Move caBundle to the top level of LlamaStackDistributionSpec. CA trust is a cross-cutting runtime concern (not a networking topology one), and caBundle already follows the dominant Kubernetes naming convention used by core webhooks, APIService, CRD conversion webhooks, and cert-manager.

Replace TLSSpec with a server TLS struct inside NetworkingSpec that holds the serving certificate secret reference. This is where server-side TLS naturally belongs.

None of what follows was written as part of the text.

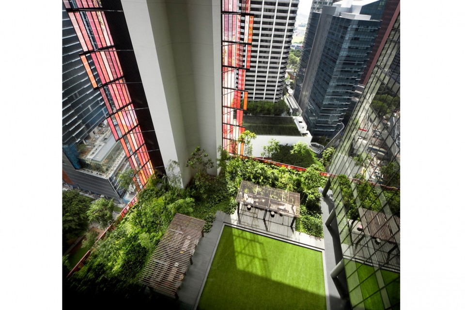 WOHA, farklı ofis, otel ve kulüpler için her biri kendi bahçesine sahip bir dizi katman oluşturdu. Ek zemin seviyelerinden oluşan bu katmanlar, şehrin yüksek yoğunluklu konumuna rağmen yüksek binalar boyunca rekreasyon ve sosyal etkileşim için kamusal alan kullanımlarına izin vermekte.

# Before spec: networking: tls: caBundle: configMapName: my-ca-bundle

# After spec: caBundle: configMapName: my-ca-bundle networking: tls: secretName: my-serving-cert

This gives us clear semantics (each field does one thing), independent lifecycle (CA trust without server TLS and vice versa), and aligns with how the broader Kubernetes ecosystem models these concepts (e.g., OpenShift separates trustedCA from route TLS termination; Istio separates caCertificates from server gateway TLS).

eoinfennessy

Review of config gen pipeline. There are some critical issues that need to be addressed.

pkg/config/config.go

eoinfennessy · 2026-03-20T12:07:59Z

pkg/config/provider.go

+	for k, v := range settingsMap {
+		cfg[k] = v
+	}


It's possible that values from the settings map can override the endpoint, secret refs, and the API key.

Should we skip adding items that are already in cfg? And log a warning?

Or maybe add settings to the cfg map first and then add fields like base_url secret_refs and api_key?

We need to be careful that secret_refs can't override api_key too (which it can currently).

eoinfennessy · 2026-03-20T12:13:32Z

pkg/config/provider.go

+	for key := range pc.SecretRefs {
+		ident := providerID + ":" + key
+		if sub, ok := substitutions[ident]; ok {
+			cfg[key] = sub
+		} else {
+			envName := GenerateEnvVarName(providerID, key)
+			cfg[key] = "${env." + envName + "}"
+		}
+	}


The order of iteration is non-deterministic. This could potentially cause unnecessary Deployment updates.

We should sort the keys before iterating.

eoinfennessy · 2026-03-20T12:14:29Z

pkg/config/secret_resolver.go

+			for key, ref := range pc.SecretRefs {
+				addSecretToResolution(resolution, secretRefEntry{
+					ProviderID: providerID,
+					Field:      key,
+					SecretName: ref.Name,
+					SecretKey:  ref.Key,
+				})


The order of iteration is non-deterministic. This could potentially cause unnecessary Deployment updates.

We should sort the keys before iterating.

eoinfennessy · 2026-03-20T12:51:07Z

pkg/config/config.go

+// apiNameToConfigKey maps CRD-style camelCase API names to config.yaml snake_case keys.
+var apiNameToConfigKey = map[string]string{
+	"vectorIo":     "vector_io",
+	"toolRuntime":  "tool_runtime",
+	"postTraining": "post_training",
+	"datasetIo":    "datasetio",
+}
+
+// normalizeAPIName converts a CRD-style camelCase API name to the config.yaml
+// snake_case key. Names already in snake_case pass through unchanged.
+func normalizeAPIName(api string) string {
+	if mapped, ok := apiNameToConfigKey[api]; ok {
+		return mapped
+	}
+	return api
+}


This is all effectively dead code because the disabled enum already specifies snake-case values.

eoinfennessy · 2026-03-20T13:01:27Z

pkg/config/config.go

+// RenderConfigYAML serializes the config to deterministic YAML.
+func RenderConfigYAML(config *BaseConfig) (string, error) {
+	// Build an ordered map for deterministic output
+	out := buildOrderedConfig(config)
+
+	data, err := yaml.Marshal(out)
+	if err != nil {
+		return "", fmt.Errorf("failed to marshal config YAML: %w", err)
+	}
+
+	return string(data), nil
+}


This function mutates the provided config, which is unconventional and unexpected for a render function.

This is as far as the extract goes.